:: What to produce ::
From the line that contains "विवेचना के दौरान" down to the last line of the data below, restate every line word for word, skipping any images.

:: Collection entries ::
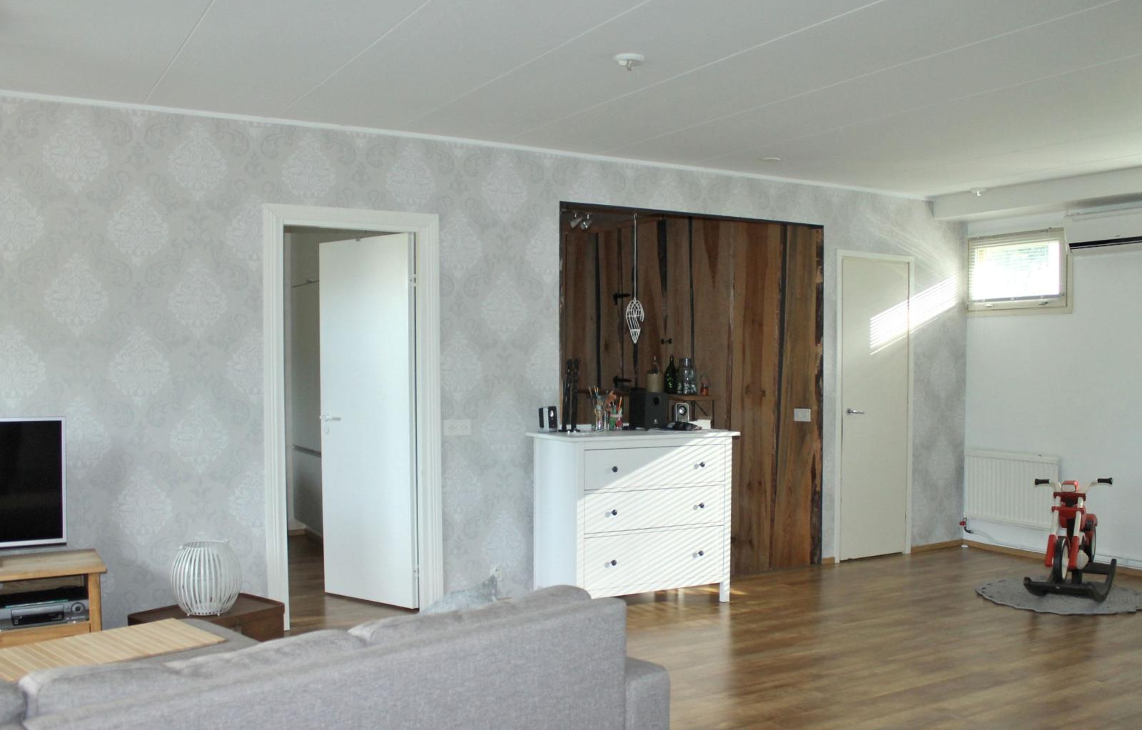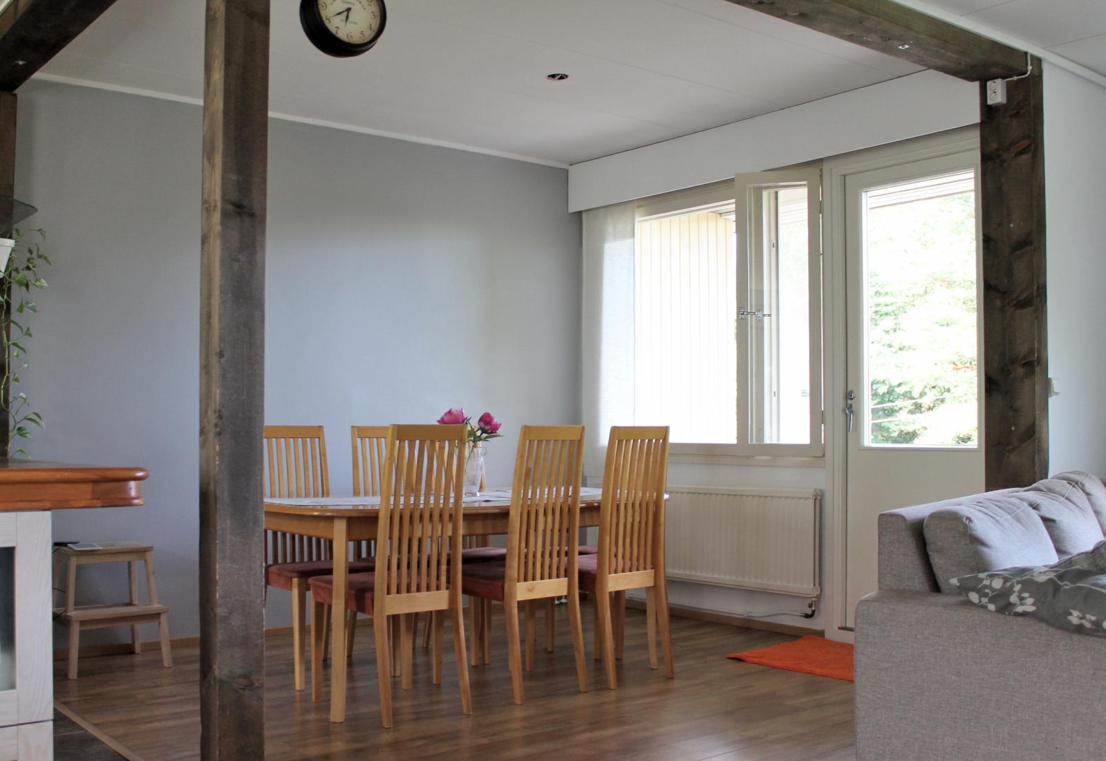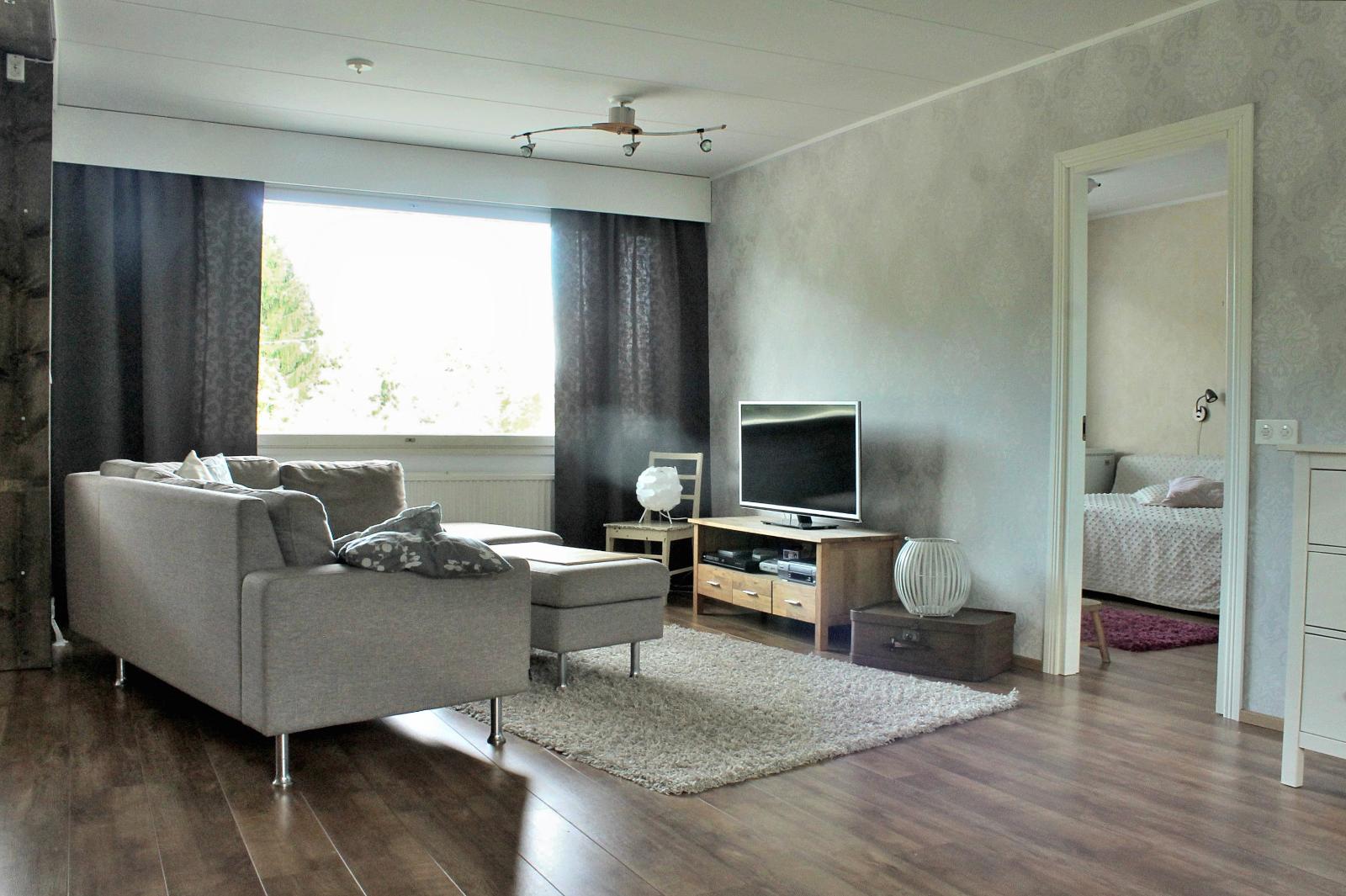 | Kuvaus | Avara läpitalon oleva olohuone, josta myös käynti parvekkeelle. Keittiö ja ruokailutila yhtenäistä tilaa, jota erottaa vain saareke. Tapetoidut seinäpinnat, laminaattilattia. Olohuoneessa ilmalämpöpumppu, jota voi käyttää viilennykseen kesällä. |
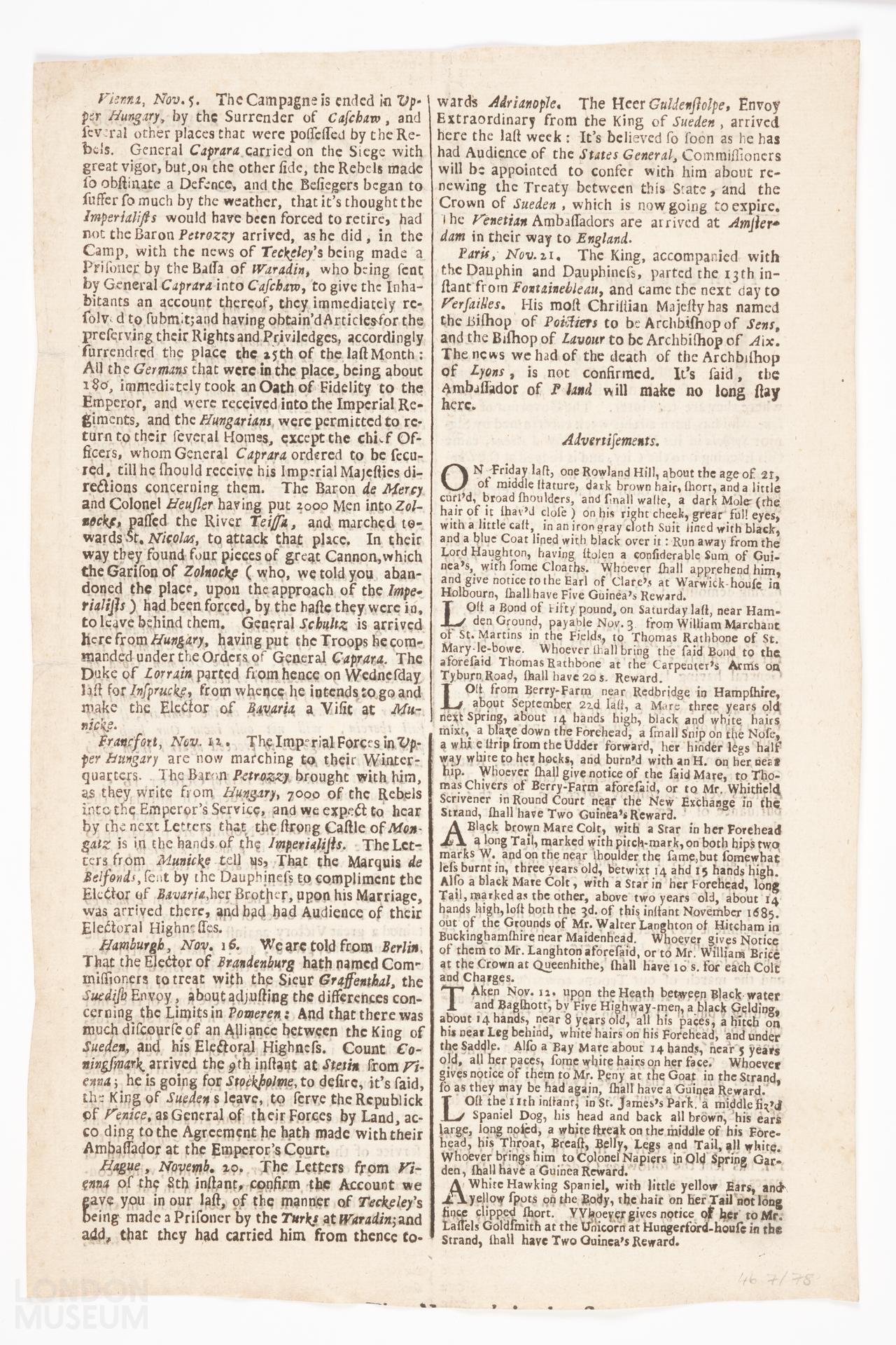 Published by ‘authority’ the Gazette provided an official record of government affairs and also carried official notices, such as Royal Proclamations, official a, Granting appointments, Royal assent to Bills of Parliament, military honours and personal and corporate insolvency. The focus of this edition also reflects public interest in international affairs and conflicts within Europe.
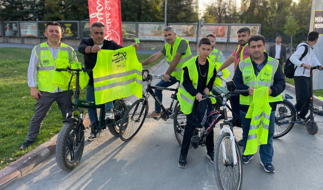 Konya Büyükşehir Belediyesi tarafından Avrupa Hareketlilik Haftası kapsamında ilk gün sabah erken saatlerde bisiklet yollarında reflektörlü yelek dağıtımı gerçekleştirildi. İşe bisikletle giden vatandaşlar kendilerine yelek dağıtılmasından duydukları memnuniyeti dile getirerek uygulamadan dolayı Büyükşehir Belediyesi'ne teşekkür etti.
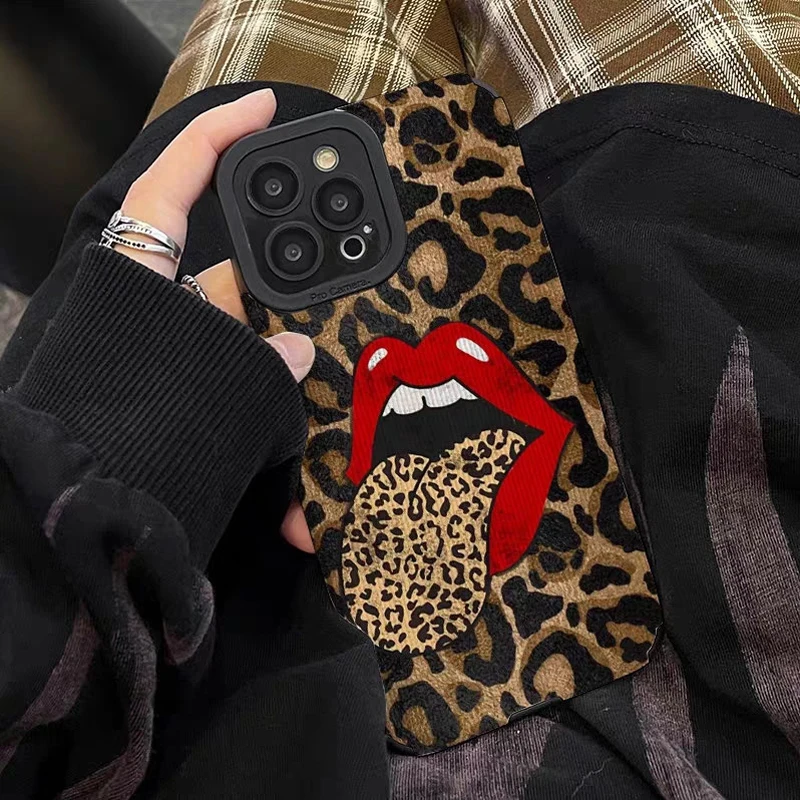 Funda con estampado de leopardo y labios rojos a la moda para iPhone 15 Pro Max 11 12 14 13 Mini 7 8 Plus X XS XR, funda de silicona con lengua grande para mujer
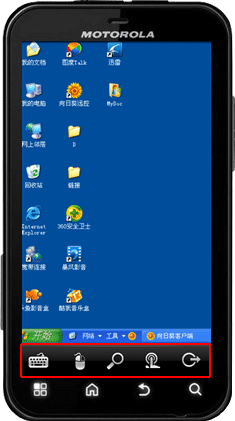 在遠(yuǎn)程主機(jī)桌面下方,我們可以看到有五個(gè)功能按鈕,分別代表鍵盤、鼠標(biāo)、縮放大小、設(shè)置、退出。
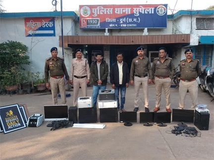 विवेचना के दौरान सुपेला पुलिस द्वारा ऐरिना कौप्टिल कार्यालय से जयंत कुमार, अरुण सरकार को पकड़कर पूछताछ करने पर करना जुर्म स्वीकार किया* ऐरिना कौप्टिल *कार्यालय से 19 नग सील गोहर पेड एवं 01 नग आफिस में लगे सीसीटीव्ही कैमरे का डीव्हीआर एवं 08 नग कम्पनी का फोटो फेम 02 नग आफिस का बेनर पोस्टर एवं 04 नग सीपीयू 05 नग मोनिटर 03 नग माउस 03 नग कीबोर्ड 03 नग प्रिटर 01 नग नोट गिनने की मशीन एवं 01-01 मोबाईल जप्त किया।
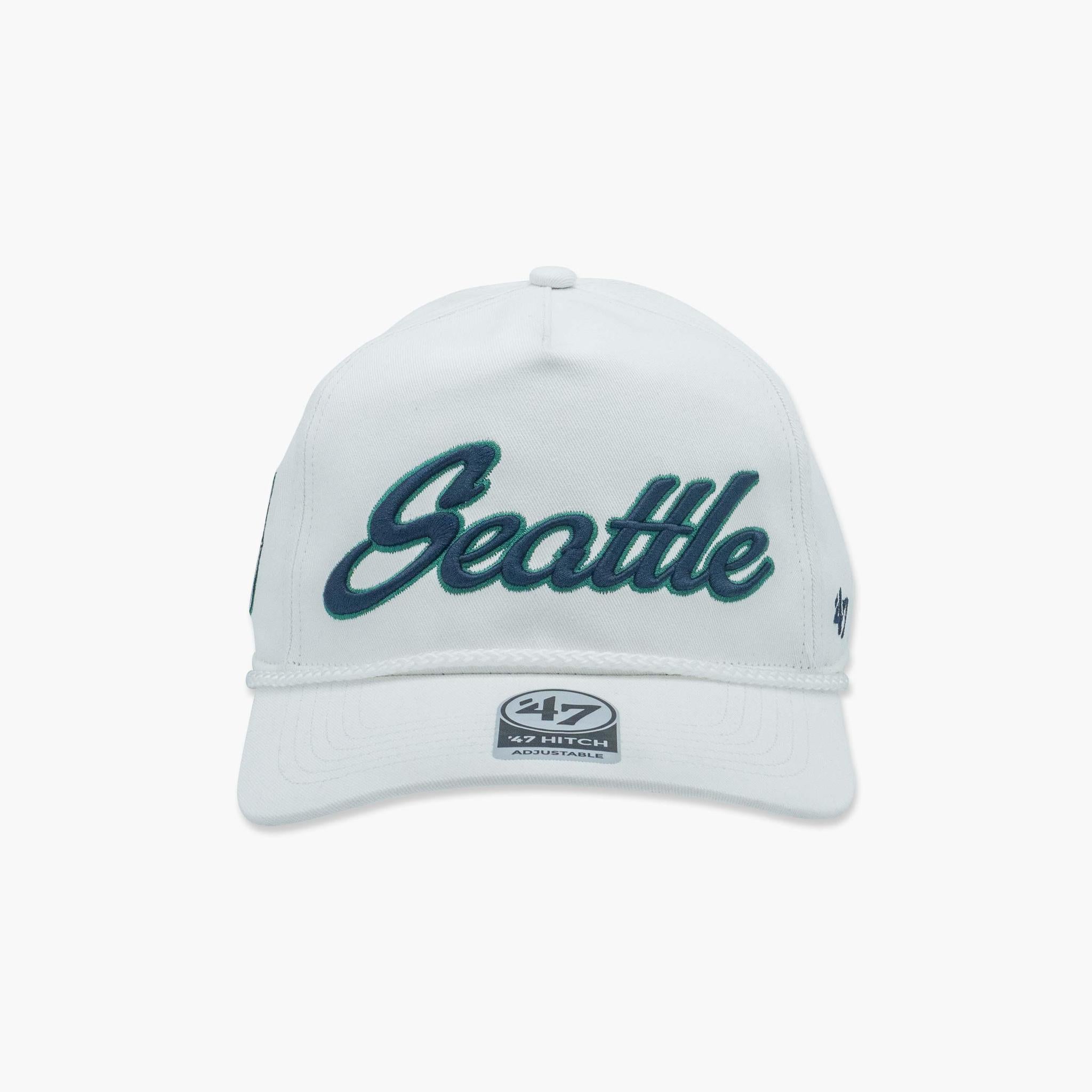 Get ready for another exciting season of Mariners Baseball with the Seattle Mariners White Script Hitch Snapback!

:: Task response ::
 विवेचना के दौरान सुपेला पुलिस द्वारा ऐरिना कौप्टिल कार्यालय से जयंत कुमार, अरुण सरकार को पकड़कर पूछताछ करने पर करना जुर्म स्वीकार किया* ऐरिना कौप्टिल *कार्यालय से 19 नग सील गोहर पेड एवं 01 नग आफिस में लगे सीसीटीव्ही कैमरे का डीव्हीआर एवं 08 नग कम्पनी का फोटो फेम 02 नग आफिस का बेनर पोस्टर एवं 04 नग सीपीयू 05 नग मोनिटर 03 नग माउस 03 नग कीबोर्ड 03 नग प्रिटर 01 नग नोट गिनने की मशीन एवं 01-01 मोबाईल जप्त किया।
 Get ready for another exciting season of Mariners Baseball with the Seattle Mariners White Script Hitch Snapback!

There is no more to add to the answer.